Event-sourcing: Instead of storing just the current state of the data in a domain, use an append-only store to record the full series of actions taken on that data.

Decouple: one team of developers can focus on the complex domain model that is part of the write model, and another team can focus on the read model and the user interfaces.
Ingest Solutions - dual writes
Dual Write
- brings complexity in business system
- is less fault tolerant when backend message queue is blocked or under maintenance
- suffers from race conditions and consistency problems
Business log
- concerns of data sensitivity
- brings complexity in business system

Ingest Solutions - database operations
Snapshot
- data in the database is constantly changing, so the snapshot is already out-of-date by the time it’s loaded
- even if you take a snapshot once a day, you still have one-day-old data in the downstream system
- on a large database those snapshots and bulk loads can become very expensive
Data offload
- brings operational complexity
- is inability to meet low-latency requirements
- can’t handle delete operations
Ingest Solutions - capture data change
process only “diff” of changes
- write all your data to only one primary DB;
- extract two things from that database:
- a consistent snapshot and
- a real-time stream of changes
Benefits:
- decouple with business system
- get a latency of less than a second
- stream is ordering of writes, less race conditions
- pull strategy is robust to data corruption (log replaying)
- support as many variant data consumers as required

Ingest Solutions - wrapup
Considering data application under the picture of business application, we will focus on the ‘capture changes to data’ components.

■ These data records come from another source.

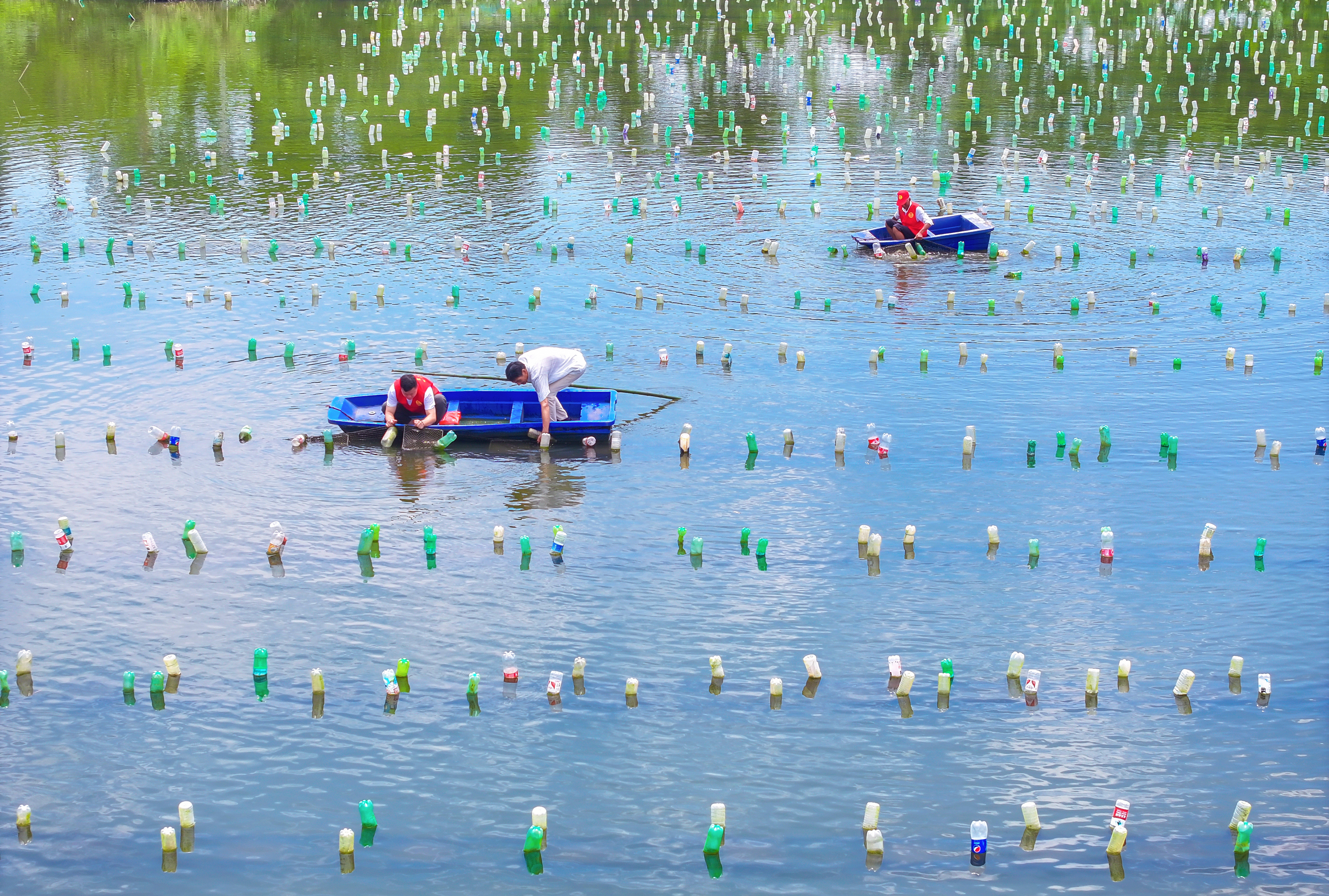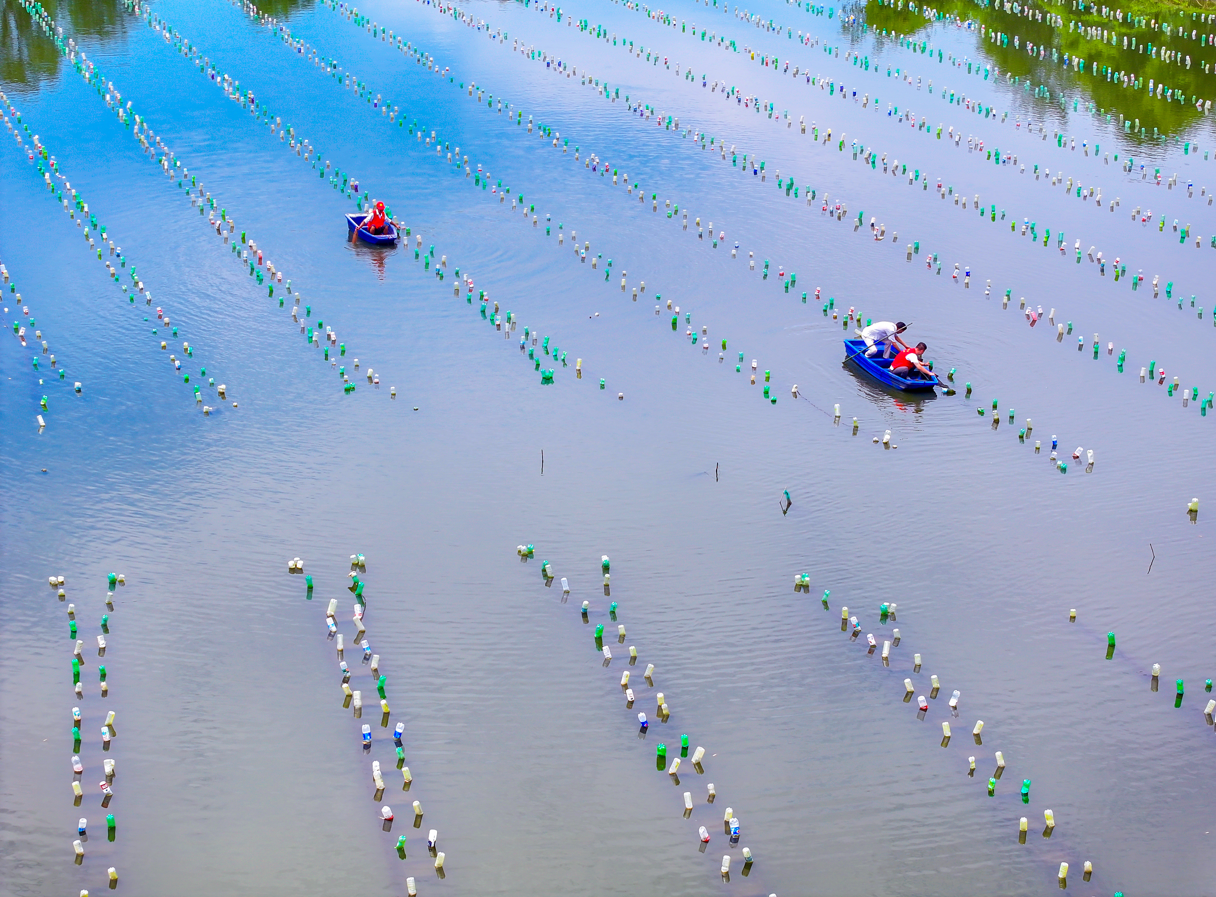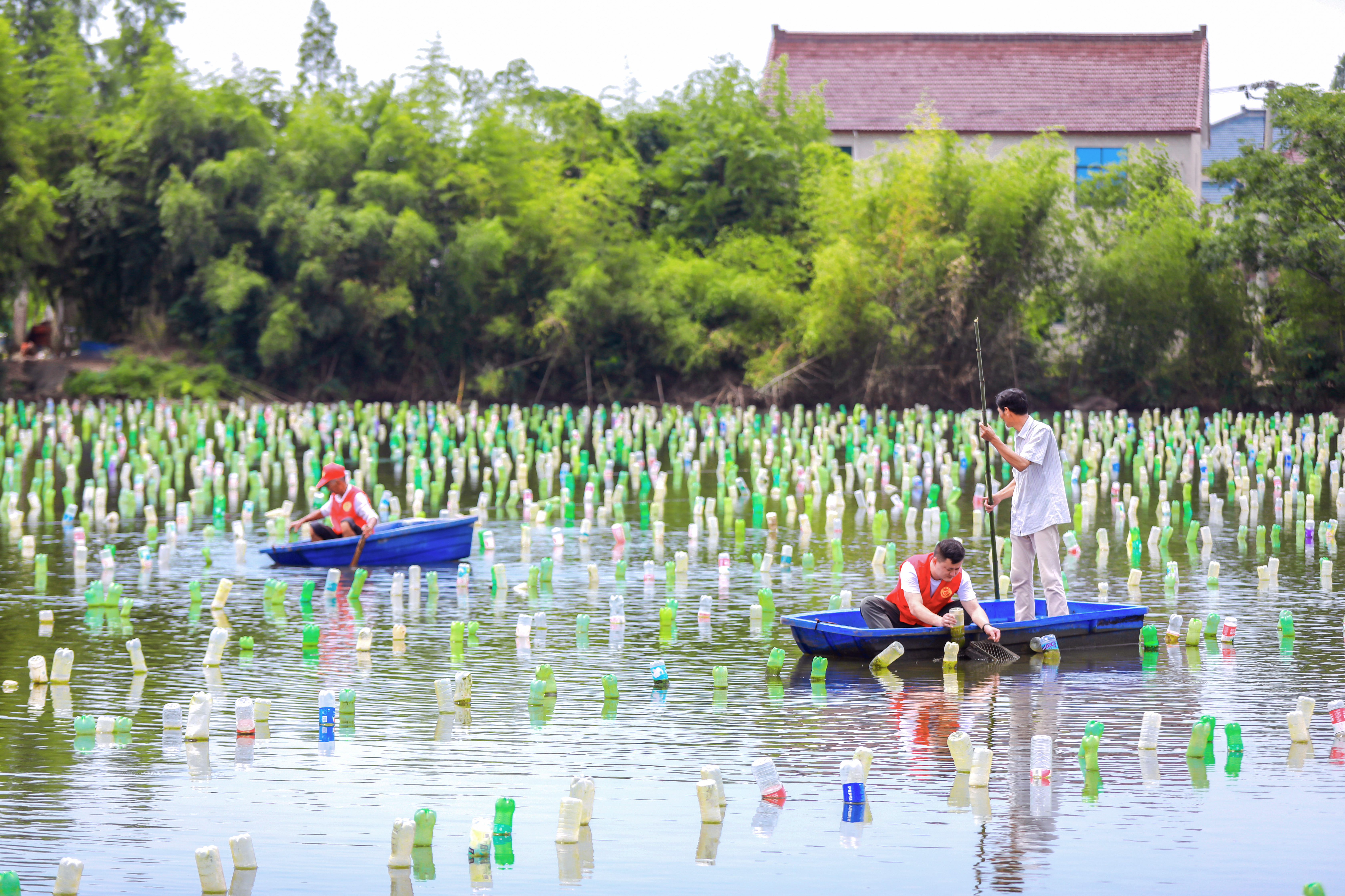 浙江省湖州市长兴县虹星桥镇周村村珍珠蚌生态养殖基地,青年党员志愿者联合退伍军人帮助农民正在水面上对珍珠蚌进行管护,确保丰产丰收。
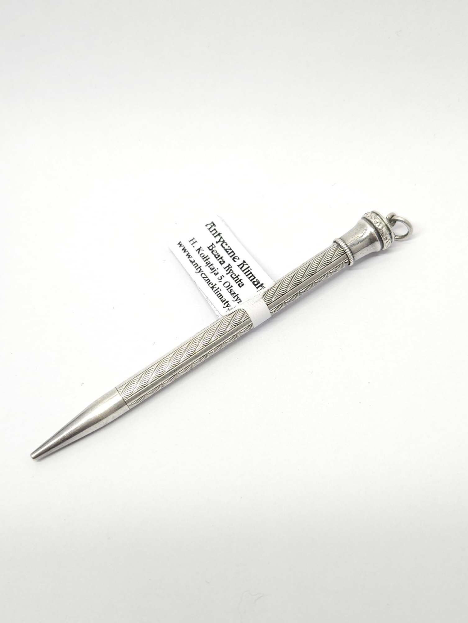 Srebrny, wykręcany ołówek do karnecika balowego, zdobiony techniką giloszu, z ogniwkiem do zawieszenia; wewnątrz mechanizm z mosiądzu, brak wkładów
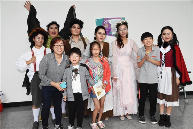 ▲ 어린이 오페라 ‘헨젤과 그레텔’을 관람한 김제지역 학생들이 배우들과 기념사진을 찍고 있다.
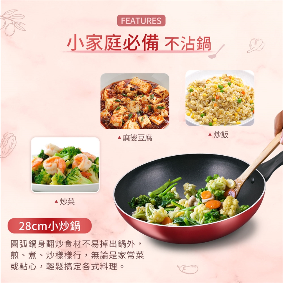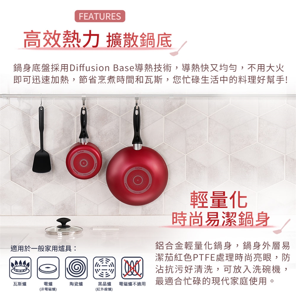 Tefal法國特福 彩盒包裝 喜氣紅系列 不沾鍋四件組 (28cm炒鍋+16cm湯鍋+16cm鍋蓋+鍋鏟)
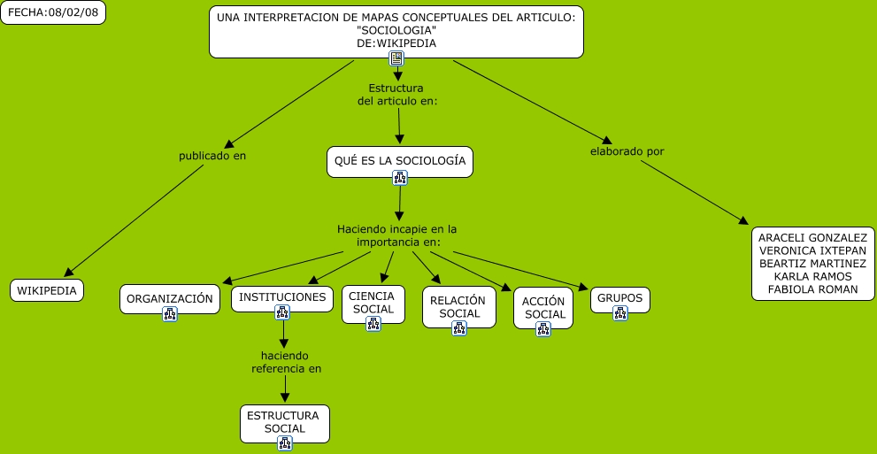 Este mapa conceptual tiene información relacionada a: index, UNA INTERPRETACION DE MAPAS CONCEPTUALES DEL ARTICULO: "SOCIOLOGIA" DE:WIKIPEDIA elaborado por ARACELI GONZALEZ VERONICA IXTEPAN BEARTIZ MARTINEZ KARLA RAMOS FABIOLA ROMAN, QUÉ ES LA SOCIOLOG�?A Haciendo incapie en la importancia en: ORGANIZACIÓN, UNA INTERPRETACION DE MAPAS CONCEPTUALES DEL ARTICULO: "SOCIOLOGIA" DE:WIKIPEDIA publicado en WIKIPEDIA, QUÉ ES LA SOCIOLOG�?A Haciendo incapie en la importancia en: GRUPOS, QUÉ ES LA SOCIOLOG�?A Haciendo incapie en la importancia en: ACCIÓN SOCIAL, UNA INTERPRETACION DE MAPAS CONCEPTUALES DEL ARTICULO: "SOCIOLOGIA" DE:WIKIPEDIA Estructura del articulo en: QUÉ ES LA SOCIOLOG�?A, INSTITUCIONES haciendo referencia en ESTRUCTURA SOCIAL, QUÉ ES LA SOCIOLOG�?A Haciendo incapie en la importancia en: CIENCIA SOCIAL, QUÉ ES LA SOCIOLOG�?A Haciendo incapie en la importancia en: INSTITUCIONES, QUÉ ES LA SOCIOLOG�?A Haciendo incapie en la importancia en: RELACIÓN SOCIAL
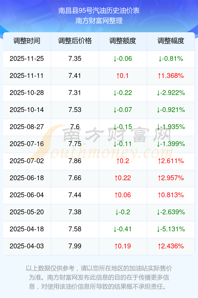 12月4日南昌縣95號汽油歷史油價(jià)一覽表
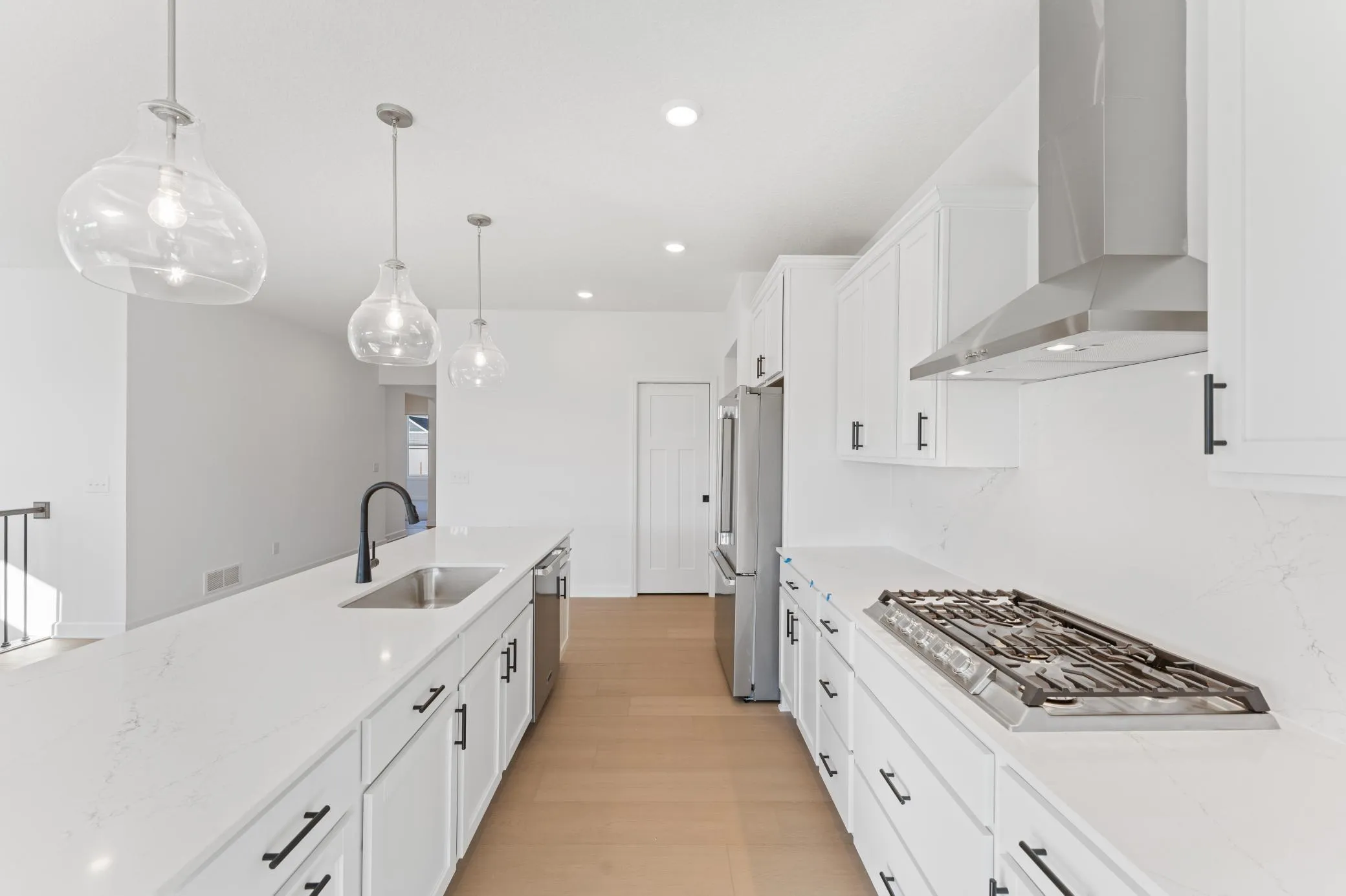 To-be-built Clearwater home in the desirable Timber Creek community! Enjoy the ease of one-level living in this thoughtfully designed floor plan featuring an open-concept layout ideal for both everyday living and entertaining. A stunning stone-surround fireplace highlights the spacious Great Room and flows seamlessly into the chef-inspired kitchen and bright dining area. The kitchen boasts a large center island, stainless steel hood, upgraded quartz countertops and backsplash, abundant cabinetry, and a walk-in pantry. Walls of windows fill the home with natural light while offering peaceful views of the surrounding landscape. The main-level primary suite provides a private retreat with a spa-inspired bathroom and a generous walk-in closet. Two additional bedrooms, a full bathroom, and a convenient laundry room complete the main level. The finished walkout lower level expands your living space with a large recreation room, fourth bedroom, and third bathroom—perfect for guests or entertaining. Additional features include two-zone HVAC, irrigation, and sod. Located in Timber Creek, residents enjoy quiet surroundings, scenic walking trails, and easy access to parks, shopping, and dining in Carver. Additional floor plans and homesites are available.

Open Source for Postgres to Kafka
Sqoop
can only take full snapshots of a database, and not capture an ongoing stream of changes. Also, transactional consistency of its snapshots is not wells supported (Apache).
pg_kafka
is a Kafka producer client in a Postgres function, so we could potentially produce to Kafka from a trigger. (MIT license)
bottledwater-pg
is a change data capture (CDC) specifically from PostgreSQL into Kafka (Apache License 2.0, from confluent inc.)
debezium-pg
is a change data capture for a variety of databases (Apache License 2.0, from redhat)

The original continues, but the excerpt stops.